December articleViernes, 29 de Noviembre de 2019
'Crazy Christmas traditions from around the world' by E. Hearle
Christmas may have you licking your lips at the thought of a roast dinner with all the trimmings, but not everyone around the world tucks into a turkey, cranberry sauce and pigs in blankets. Here are some of the more unusual - and somewhat shocking - Christmas foods from across the globe.
Fried Caterpillars: South Africa
In South Africa, it's the creepy crawlies that local children look forward to at Christmas time. Fried caterpillars may seem like one of the weirdest Christmas traditions around the world, but these caterpillars aren't just the run-of-the-mill variety you find in the garden. The Pine Tree Emperor Moth, or Christmas caterpillar, is covered in very festive colours - giving all who swallow one a little extra luck in the coming year.
Roasted sheep head: Norway
Also known as Smalahove, this is quite a normal centrepiece for a Nordic Sunday dinner, especially right before Christmas. The head is soaked and then dried and salted. Yes a whole sheep’s head is plonked on a plate ready to be dished up and enjoyed - let’s hope there aren't any vegetarians (or worse vegans!) present at these family gatherings.
KFC in Japan
Kentucky Fried Chicken in itself obviously isn’t that weird, but it’s an odd one for Christmas day. In Japan they go crazy over KFC and a staggering 3.6 million Japanese families feast on KFC every Christmas. This unusual tradition came about because Japan hadn’t previously celebrated the festive period with a particular meal. Some clever marketing allowed KFC to come in and fill the Christmas tradition void.
‘Herring in a fur coat’, Russia
Christmas in Russia means one thing: dressed herring (or translated literally from Russian, ‘herring under fur’) made from the pungent fish and boiled vegetables. It became popular in the 1970s in the USSR when it was difficult to get food but herring and vegetables were still affordable. Only for strong British stomachs, herring fish is piled inside this savoury layered cake, along with potatoes, onion and of course, Russia ́s favourite vegetable, the humble beetroot.
The ‘Feast of the Seven Fish’: Italy
In Southern Italy and Italian-American regions, Christmas Eve is associated with the ‘Feast of the Seven Fish’. A typical seafood feast includes anchovies, whiting, lobster, sardines, dried salt cod, squid and mussels. This is served with pasta, vegetables, fried kale patties and homemade wine. After so much savoury goodness, it’s finished off (if you are still hungry at this point!) with classic Italian desserts - think panna cotta or tiramisu.
Whale skin: Greenland
There are plenty of local delicacies to be had at Christmas in Greenland including ‘kiviak’, raw flesh of auks, an arctic bird and ‘mattak’, whale skin with a strip of blubber - yes whale fat - inside. If there was ever a reason to go to Greenland for Christmas this may not be it, but it is also tradition for men to serve food to women on Christmas night, even stirring their meals for them. Come on then ladies ...!

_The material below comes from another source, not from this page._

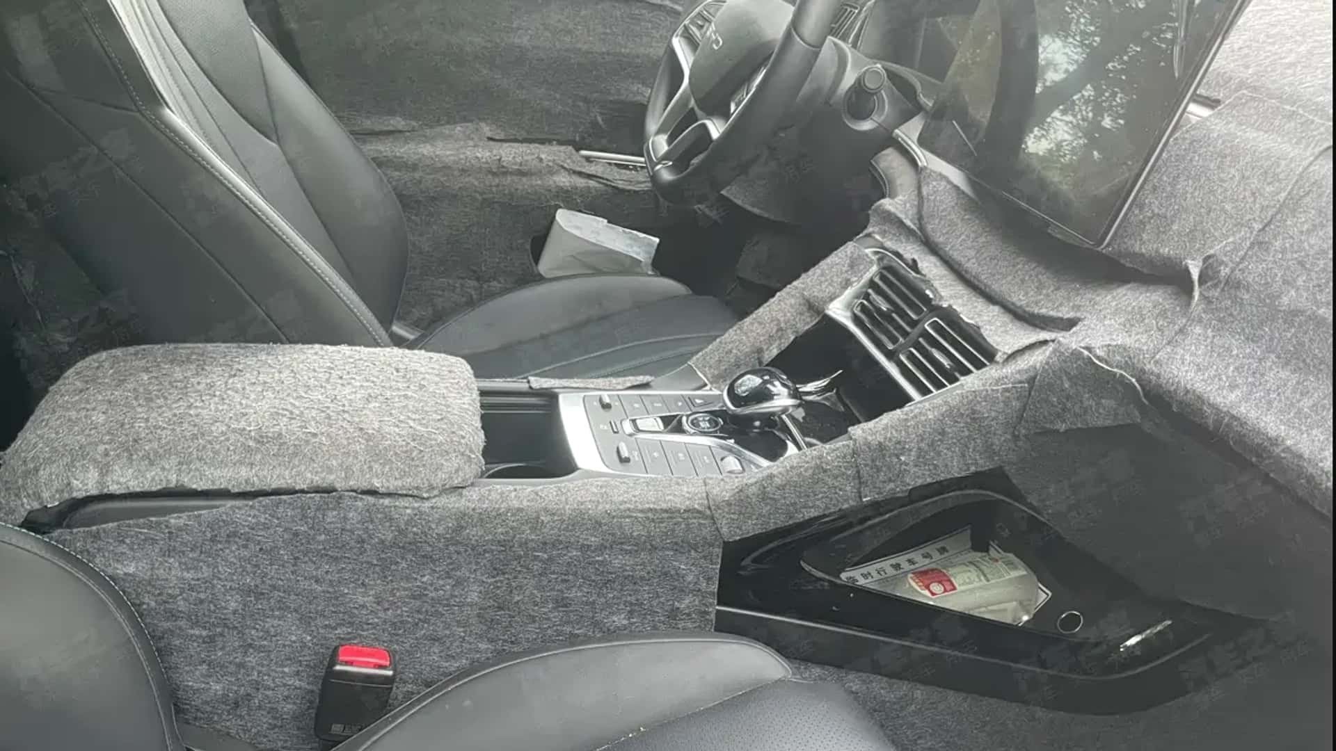 Mas, além da parte de baixo, quem também acabou surgindo nesses flagras foi o tão esperado interior da “Baby-Shark”. E, não por coincidência, ele será muito parecido com o do Song Pro atual. Embora traga um volante mais parrudo, que lembra o da Shark, elementos de painel e laterais de portas remetem aos dos SUVs da marca chinesa. Multimídia rotativa de 12,8”, saídas de ar centrais próximas ao console, andar inferior do console central, bancos inteiriços, joystick da transmissão e teclas centrais são praticamente os mesmos do Song Pro, também.

What about in the UK though?
Traditional foods eaten may include roast turkey, stuffing - given the name as pork meat, herbs and breadcrumbs are stuffed inside the turkey and roasted along with the bird - and bread sauce. This must be strange for outsiders too as breadcrumbs are combined with milk, cream and butter to make a thick, warm and pretty indulgent sauce to accompany the meat along with everyone’s favourite - yorkshire puddings (think the base of a crêpe, oven roasted and filled with warm, meat gravy). These century old traditions have been given a little twist and some more creative takes are now appearing on supermarket shelves!
Brussel Sprouts tea
Hands up who wants a cup of hot, liquid Brussels sprouts?
Hated and loved by equal numbers of people in Britain, sprouts are usually exclusive to the Christmas Day lunch, served as one of the many “trimmings” to accompany the big, juicy, roast turkey. Now as far-fetched as it may sound, Sainsburys supermarkets are now selling them as a flavoured tea. The retailers have also launched a "pigs in blankets" flavour - yes sausage and bacon flavoured hot water! You’d never know tea is our national drink!
Christmas tree flavoured crisps
Christmas trees are usually what people decorate in the weeks leading up to Christmas and put presents below. However, for those people who have ever looked at a pine tree and thought, "my word, that looks delicious”, Iceland supermarkets have you covered - you can now both decorate and enjoy the taste of a christmas tree. Whatever next?!
Christmas lunch pizza
Asda supermarket is selling a pizza that comes topped with all the traditional trimmings, including turkey, two cheeses, pigs in blankets, and sage, stuffing balls. It also has its own sachet of cranberry sauce ready for drizzling once the pizza is out of the oven.
This could be the perfect (lazy!) festive alternative to the full roast dinner or the answer to those seeking something a little unusual for Christmas this year!